Authors: Sevigny J, Chiao P, Bussière T, Weinreb PH, Williams L, Maier M, Dunstan R, Salloway S, Chen T, Ling Y, O’Gorman J, Qian F, Arastu M, Li M, Chollate S, Brennan MS, Quintero-Monzon O, Scannevin RH, Arnold HM, Engber T, Rhodes K, Ferrero J, Hang Y, Mikulskis A, Grimm J, Hock C, Nitsch RM, Sandrock A.
Journal: Nature. 2016 Aug 31;537(7618):50-6.
PMID: 27582220

In this study, the researcher conducted a 12-month, double-blind, placebo-controlled trial of the antibody Aducanumab. This antibody specifically binds to potentially harmful beta-amyloid aggregates (both small and large). At the very start of the trial, each participants was given a brain scan which allowed the researchers to determine the baseline level of beta-amyloid in the brains of the subjects. 

All together the study involved 165 people, randomly divided into five different groups: 4 groups received the 4 different concentrations of the drug (1, 3, 6 or 10 mg per kg) and 1 group which received a placebo treatment. Of these, 125 people completed the study which was 12 months long. Each month they received an injection of the respective treatment (remember these are manufactured antibodies, the body can’t make this particular antibody so it has to be repeated injected).

After 12 months of treatment, the subjects in the  3, 6 and 10 mg per kg groups exhibited a significant reduction in the levels of beta-amyloid protein in the brain (according to brain scan images), indicating that Aducanumab – the injected antibody – was doing it’s job. Individuals who received the highest doses of Aducanumab had the biggest reductions in beta-amyloid in the brain. Interestingly, this reduction in beta-amyloid in the brain was accompanied by a slowing of the clinical decline as measured by tests of dementia.  Individuals treated with the placebo saw neither any reduction in their brain levels of beta amyloid nor their clinical decline.
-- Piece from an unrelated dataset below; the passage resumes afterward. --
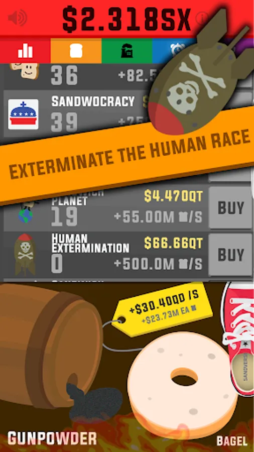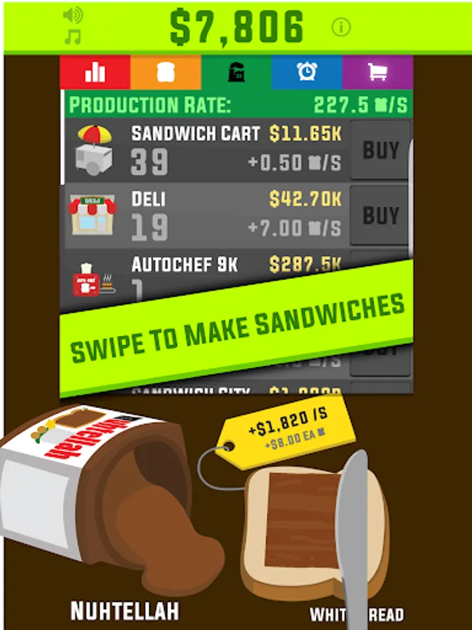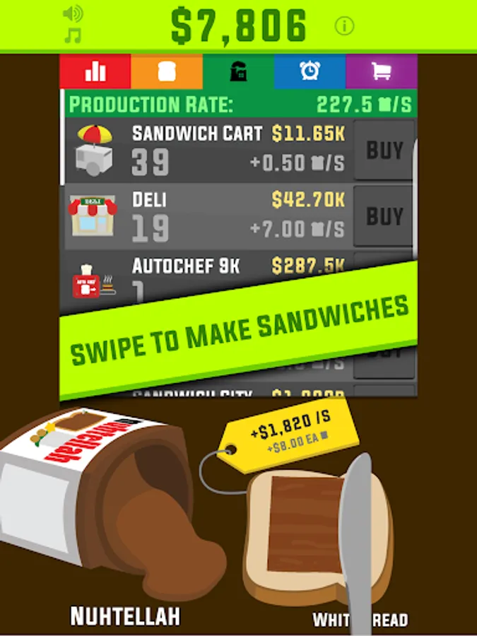 Swipe to make sandwiches. Sell them for money. Hire others to make Sandwiches. Discover the truth. Bring Humanity to its knees. Rule the world. Rule the galaxy. Rule the universe. All Hail.

The authors considered this study strong justification for larger phase III trials. Two of them are now in progress, with completion dates expected around 2020.
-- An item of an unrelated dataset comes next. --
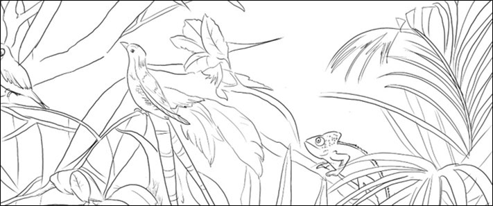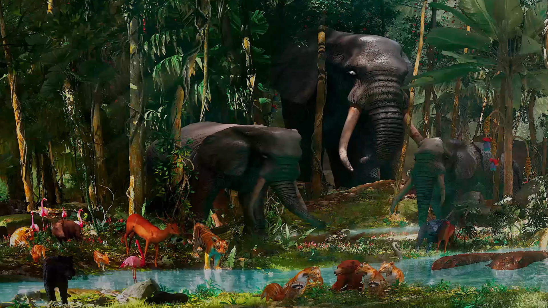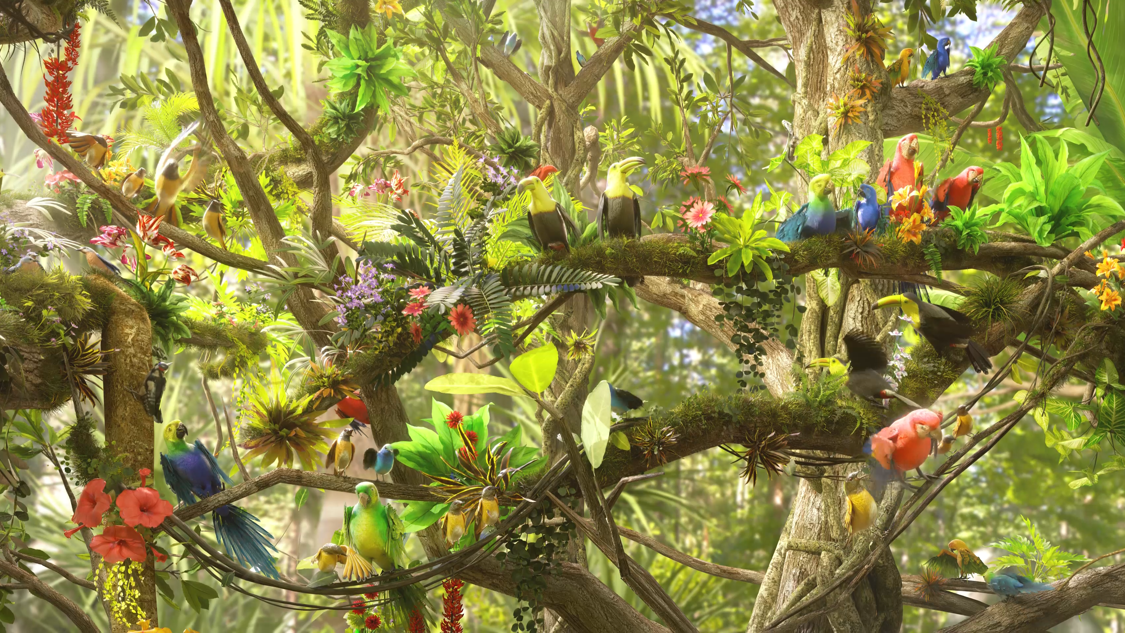 나무 사이로 뻐꾸기, 큰부리새, 금붉은앵무, 카멜레온 등이 등장하며 열대우림의 생태계를 보여줍니다.

So this is a good thing right?

Yes, this is a very exciting result for the Alzheimer’s community. But the results must be taken with a grain of salt. We have discussed beta-amyloid in a previous post (Click here for that post). While it has long been considered the bad boy of the Alzheimer’s world, the function of beta-amyloid remains the subject of debate. Some researchers worry about the medical removal of it from the brain, especially if it has positive functions like anti-microbial (or disease fighting) properties.

Given that the treatment is given monthly and can thus be controlled, we can sleep easy knowing that disaster won’t befall the patients receiving the antibody. And if they continue to demonstrate a slowing/halting of the disease, it would represent a MASSIVE step forward in the neurodegenerative field. I guess what I am saying is that it is too soon to say. It will be interesting, however, to see what happens as these patients are followed up over time. And the two phase 3 clinical trials currently ongoing, which involve hundreds of participants, will provide a more definitive idea of how well the treatment is working.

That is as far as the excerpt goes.